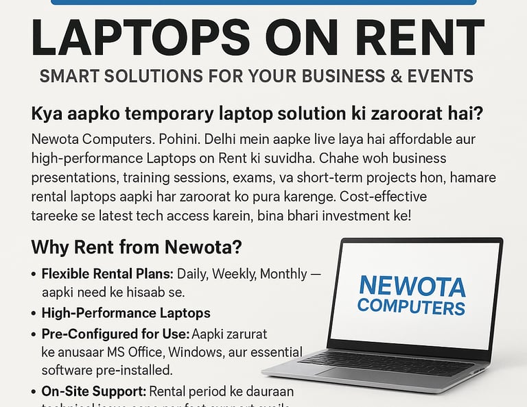 Your IT Solutions Partner Introduction: The Newota Promise (Targeting Urgency and Trust) In today’s high-speed digital economy, a malfunctioning laptop, a slow computer, or a faulty printer isn't just an inconvenience—it's a massive drag on productivity and profitability. At Newota Computers, we understand the critical reliance businesses and individuals in Rohini, Delhi, and North Delhi have on seamless technology. Our posters and social media communication are designed to cut through the noise, delivering a clear message: We are your comprehensive, reliable, and best-in-class IT solutions partner. We don't just fix devices; we guarantee performance and future-proof your workflow. Section 1: Core Repair Services — Fast, Reliable, Expert (Focusing on the Red Poster) The red repair poster (28oct.jpg) vividly highlights our commitment to being FAST. RELIABLE. EXPERT. This section details why Newota Computers is the superior choice for troubleshooting and restoring critical devices: Comprehensive Device Repair: We cover both Laptop Repair and Desktop Repair. For laptops, this includes fixing common issues like Screen Replacement, Keyboard Fixes, Battery Issues, and Overheating Solutions. For desktops, we handle Hardware Upgrades, OS Installation, Virus Removal, and critical Data Recovery. This ensures all bases are covered for immediate user needs. Component Level Expertise (The USP): We don't just replace parts; we offer Component Level Expertise. This means highly technical services like Motherboard Repair and Chip-Level Servicing. This skill set sets us apart from standard repair shops, allowing for more cost-effective solutions and repairing high-value components rather than just replacing them entirely. Performance Enhancement: We focus on making systems faster than before. Our services include Performance Boost upgrades like SSD Upgrades (for lightning-fast boot times), RAM Expansion, and Software Optimization to eliminate lag and maximize efficiency. Security & Maintenance: Recognizing the constant threat of cyber issues, we offer Virus & Malware Removal, including Comprehensive System Cleanup & Protection, ensuring both data integrity and device longevity. Section 2: Expanding the Portfolio — Printers, Sales & Office Setup Our services extend well beyond basic break/fix to encompass the full IT ecosystem of a home or small office: Printer & Peripheral Solutions: As seen in our communication (8️⃣ Printer & Peripherals.jpg), we are a One Stop for Office Devices. We provide Sales, Setup, and Maintenance for all types of printers, ensuring your essential peripheral devices are always functioning correctly. Genuine Software Licensing: We ensure compliance and security by providing Genuine Software Licensing (GENUINE SOFTWARE LICENCE.jpg) for critical tools like MS Office, Windows, and Antivirus solutions. This removes the risk associated with pirated software and provides stability. Laptop & Desktop Sales: Newota is the source for acquiring reliable devices (LAPTOP AND DESKTOP SALE.jpg). We provide Laptops & Desktops bundled with Genuine Windows 11 | Office 365 | Office 2024, offering a clean, authorized start for any user or business in Rohini | North Delhi. Office Setup & Upgrades: We specialize in helping businesses and institutions establish robust IT environments. Our "UPGRADE YOUR OFFICE SETUP" message (gmb 27oct.jpg) highlights our role in designing, installing, and configuring a complete technical infrastructure, ensuring a smooth, scalable, and powerful start. Section 3: Modern Solutions — Renting, Automation & Security Newota Computers addresses modern business needs through flexible and advanced services: Laptops On Rent (Smart Solutions): Our rental service (insta post 1-11.jpg) provides Smart Solutions for Your Business & Events. This is a cost-effective, temporary IT solution, offering Flexible Rental Plans (Daily, Weekly, Monthly) and High-Performance Laptops that are Pre-Configured for Use with essential software. This service is ideal for training, exams, temporary staff, and events. Digital Automation & Workflow: We help clients overcome digital stress (auto reply.jpg) by implementing Digital Automation Solutions. The visual of a relaxed user (auto reply with tech.jpg) indicates we set up systems to manage queries across platforms like WhatsApp, Instagram, and LinkedIn, freeing up clients' time. Security Systems: Our offerings include CCTV INSTALLATION AND SECURITY (CCTV INSTALLATION AND SECURITY.jpg). This critical service provides 24/7 Monitoring | Remote Access and ensures the physical security of our clients’ premises. IT Support & Maintenance: We function as a true IT partner with IT Support & Maintenance (9️⃣ IT Support & Maintenance (General).jpg), offering Onsite & Remote Assistance to manage all systems effectively.
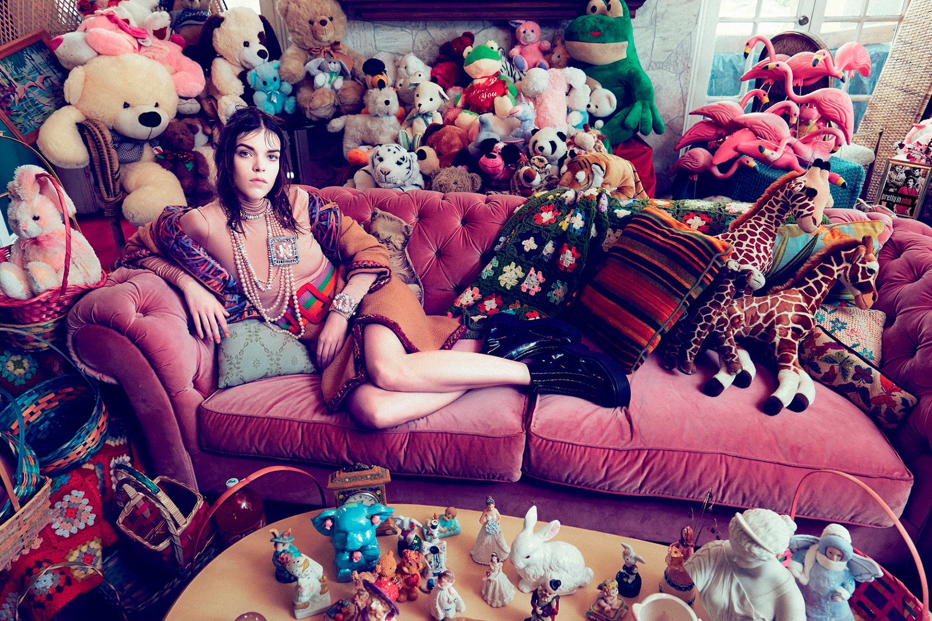 Megan Collison est assise sur le canapé parmi les jouets - fond d'écran de bureau
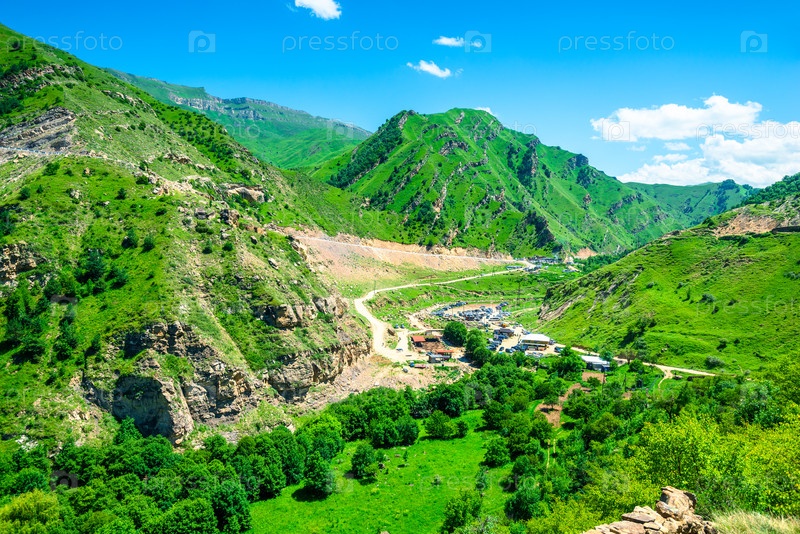 Прекрасный вид на живописную горную долину зеленых гор и горную деревню
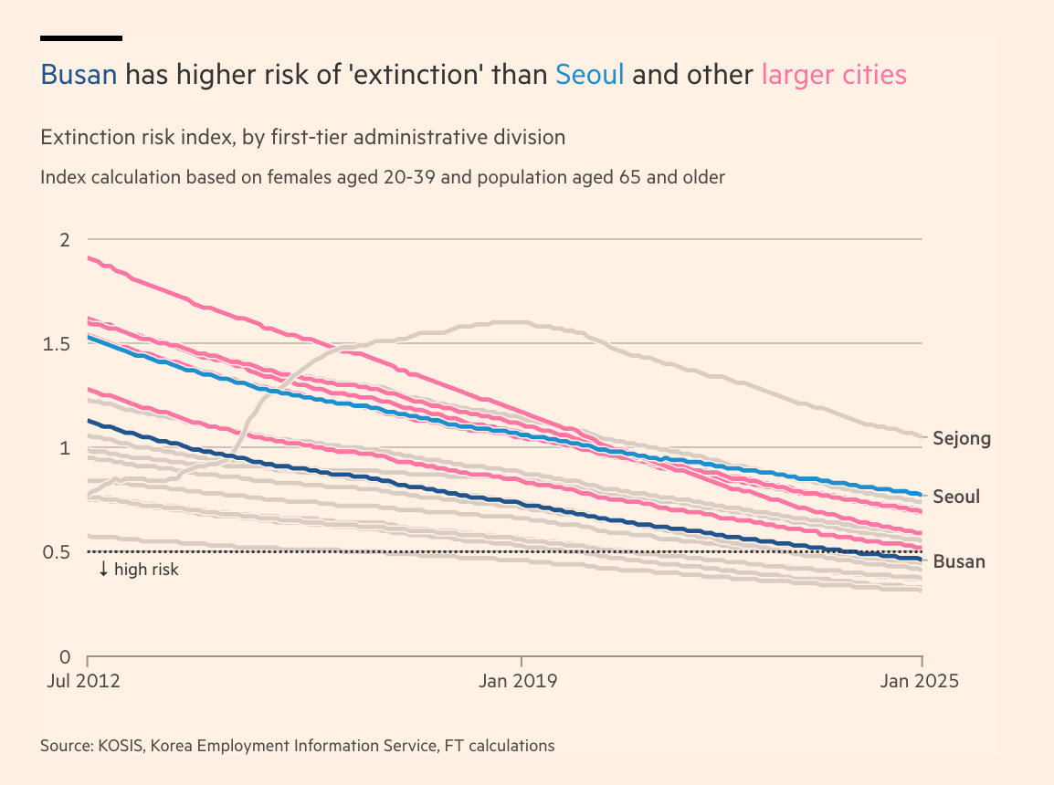 For most of the 20th century, Busan was a thriving hub of trade and industry. But the city is now in the throes of an exodus of the young that has left it ageing faster than any other metropolitan area in a country that already has the lowest fertility rate in the world. Located on the south-east tip of the Korean peninsula just across from Japan, Busan’s fortunes have worsened since the 1990s as local industries suffer from South Korea’s transition into a high-tech industrial economy. The Korea Employment Information Service, a government agency, last year officially classified Busan as “at risk of extinction” — when the imbalance between the working and non-working populations makes a city economically unsustainable. The city of 3.3mn shed 600,000 people between 1995 and 2023. Demographers warn this trend is accelerating as the city’s population ages and Seoul tightens its grip over the country’s economy. Busan retains both charms and assets — mountains and beaches, temples and nightlife, famous film and art festivals and proximity both to Japan and to industrial centres clustered along South Korea’s east coast. While it was the birthplace of leading conglomerates Samsung and LG, not one of South Korea’s 100 largest companies is headquartered in the city. “The outflow of young people is getting larger,” said Seo. “Every time I go back, I can see it losing its vitality.” Busan boomed in the second half of the 19th century because of its proximity to Japan — a bridgehead first for Japanese trade and investment and later for colonisation.
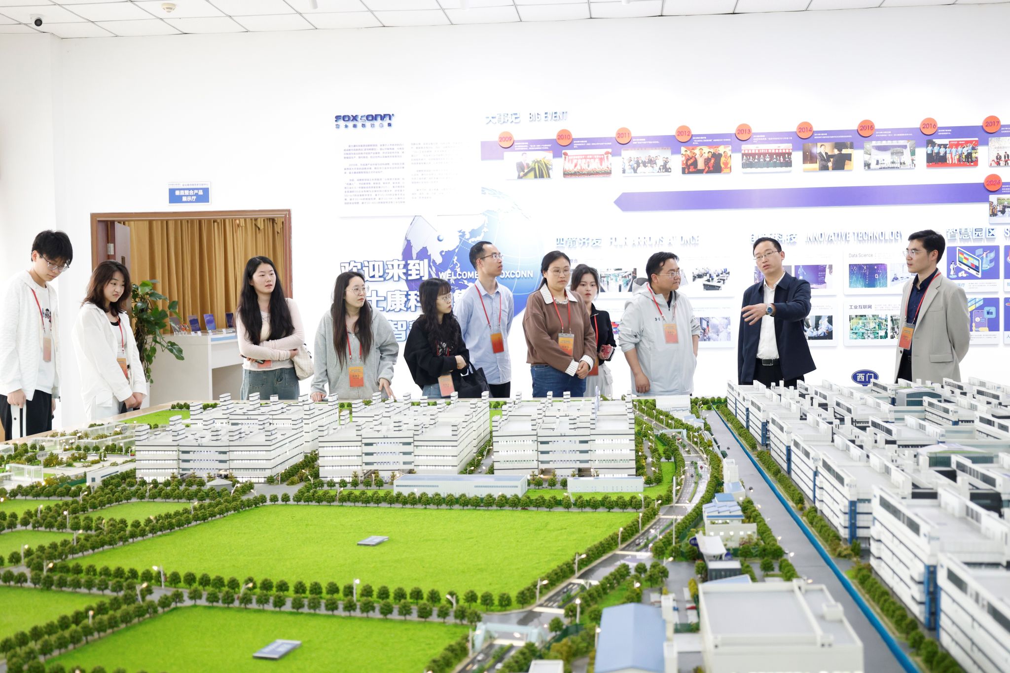 师生党员参观了工业园区,介绍了企业发展历程、核心产业现状、人员组织情况等。谭书记详细阐述了富士康集团近年来在党的组织建设、人才发展和科技创新方面取得的丰硕成果,并就“1562”党建工作法进行了详细讲解,包括“六大体系”、“十大品牌”、“一个中心、两个重点、三个原则、四个愿景”工作方针等具体内容,展示了非公企业党建的工作方法和特色亮点。
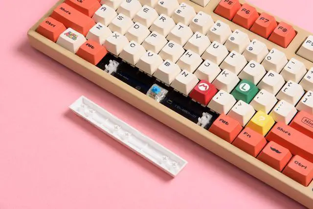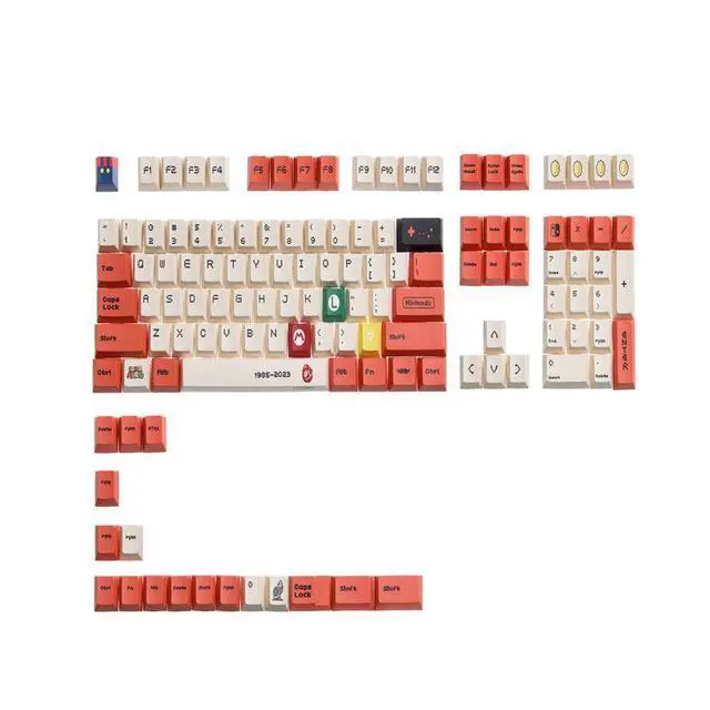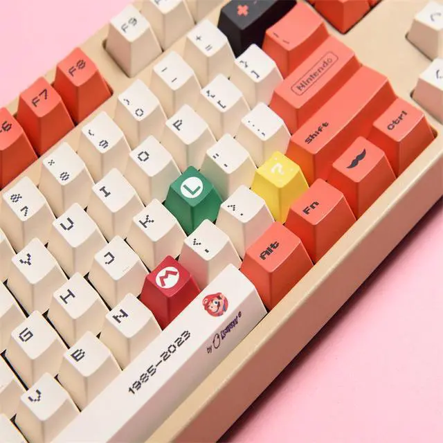PBT material Mario keycaps with five sides of heat transfer printing. DIY mechanical keyboard with factory-height customized keycaps. Bagged for easy storage. (Only the keycaps)
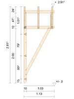 Das Sattelvordach Bayerischer Wald wird aus bestem Brettschichtholz, auch Leimholz genannt, hergestellt. Alle Verbindungen werden nach alter Handwerkskunst gezapft. Es handelt sich beim Vordach Bayerischer Wald um eine kleine Variante von Satteldächern. Das Sattelvordach Bayerischer Wald ist in den Dachneigungen 22° und 34° erhältlich. Zum Vordach Bayerischer Wald sind 15 verschiedene Abstützvarianten verfügbar, die nach Belieben kombiniert werden können. | ![]() |
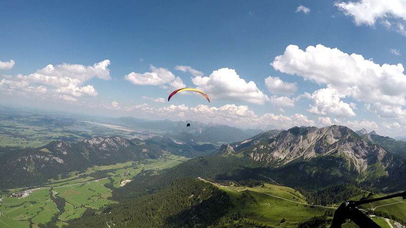 Sich bei einem Tandemflug die Welt von oben anzusehen ist ein unvergessliches Erlebnis. Einen Tandemflug könnt ihr bei uns ganz einfach hier buchen. Ihr fliegt frei wie ein Vogel über das Alpenvorland in Pfronten mit einem staatlich geprüften Tandempiloten. Die Piloten der Flugschule Pfronten fliegen überwiegend mit Tandemschirmen von Dudek: der Orca 4 ist einer der derzeit Besten auf dem Markt. Zusammen mit Tandemgurtzeugen von Sup’Air sind also die besten Voraussetzungen gegeben, um den Start bei einem Tandemflug so einfach wie möglich zu machen. Und so geht es: Zuerst bestellt ihr einen Gutschein für einen Tandemflug in unserem Shop oder holt ihn direkt in der Flugschule Pfronten ab. Anschliessend könnt ihr hier einen Termin vereinbaren. Vor dem Tandemflug erfolgt natürlich noch eine Einweisung des Passagiers durch den Tandempiloten unmittelbar vorort. Auf Wunsch kann der Tandemflug bei entsprechender Thermik gegen einen Aufpreis in Höhe von 20 € entsprechend verlängert werden.
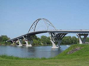 After state inspectors determined that the previous Champlain Bridge was beyond repair in 2009, the states of New York and Vermont agreed to replace it.[5] The new bridge employs a modified network tied arch design.[6] Flatiron Constructors of Longmont, Colorado, the U.S. subsidiary of the German firm, Hochtief AG, won the contract for the new bridge, and groundbreaking took place on June 11, 2010.[7] The bridge construction contract was for $69.6 million. It was completed six weeks ahead of schedule, but at a cost of $78.29 million.[4][8]
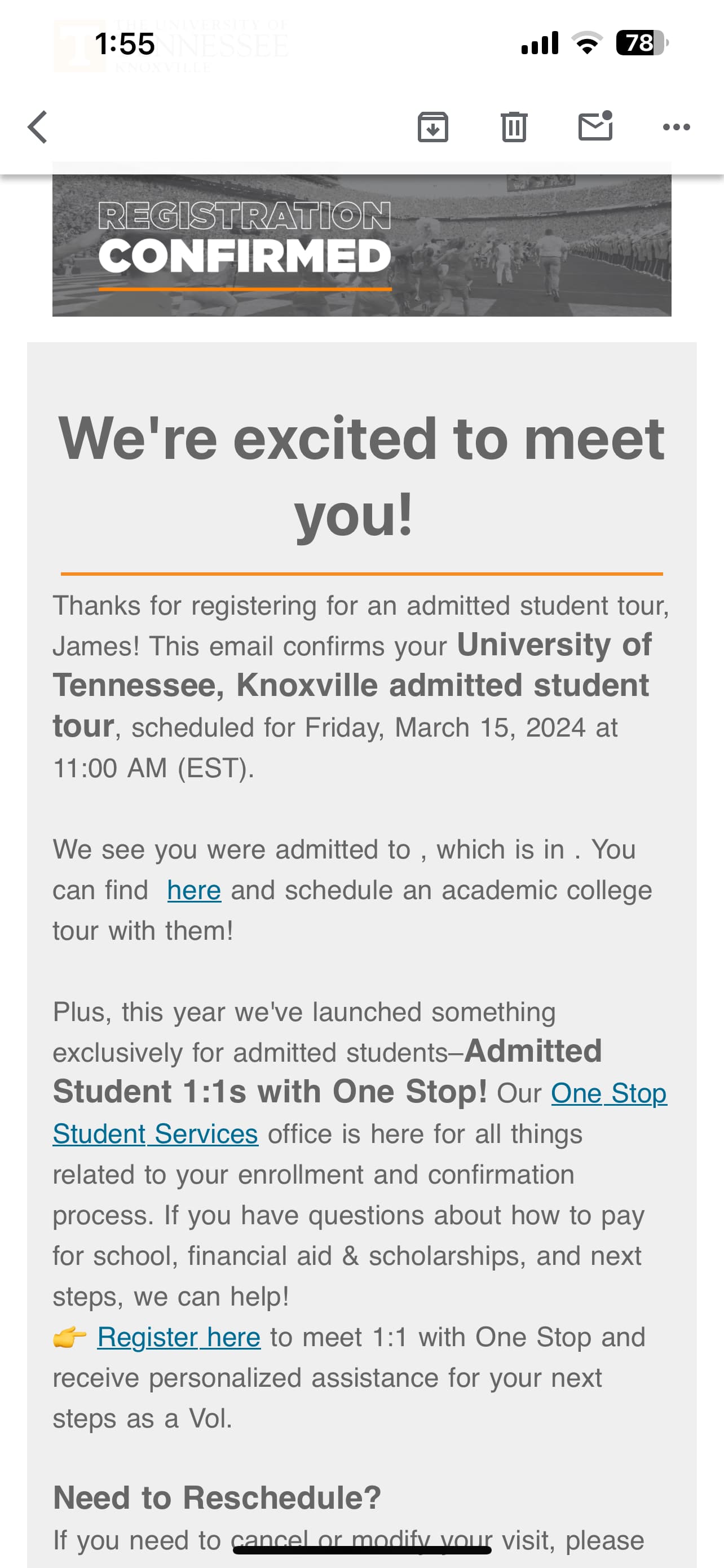 So I just did the admitted tour rather than New Vol Day and got the same message that everyone else seems to be seeing. The email says “ We see you were admitted to Business Analytics, which is in The Haslam College of Business.” This is her 1st choice major. Yay…hope this is a good sign!

* [Exercise directions]
Go back to the listing above and reproduce, exactly, the stretch from the line bearing "Megan Collison est" through the line bearing "Прекрасный вид на", without its pictures.

* [Response area]
 Megan Collison est assise sur le canapé parmi les jouets - fond d'écran de bureau
 Прекрасный вид на живописную горную долину зеленых гор и горную деревню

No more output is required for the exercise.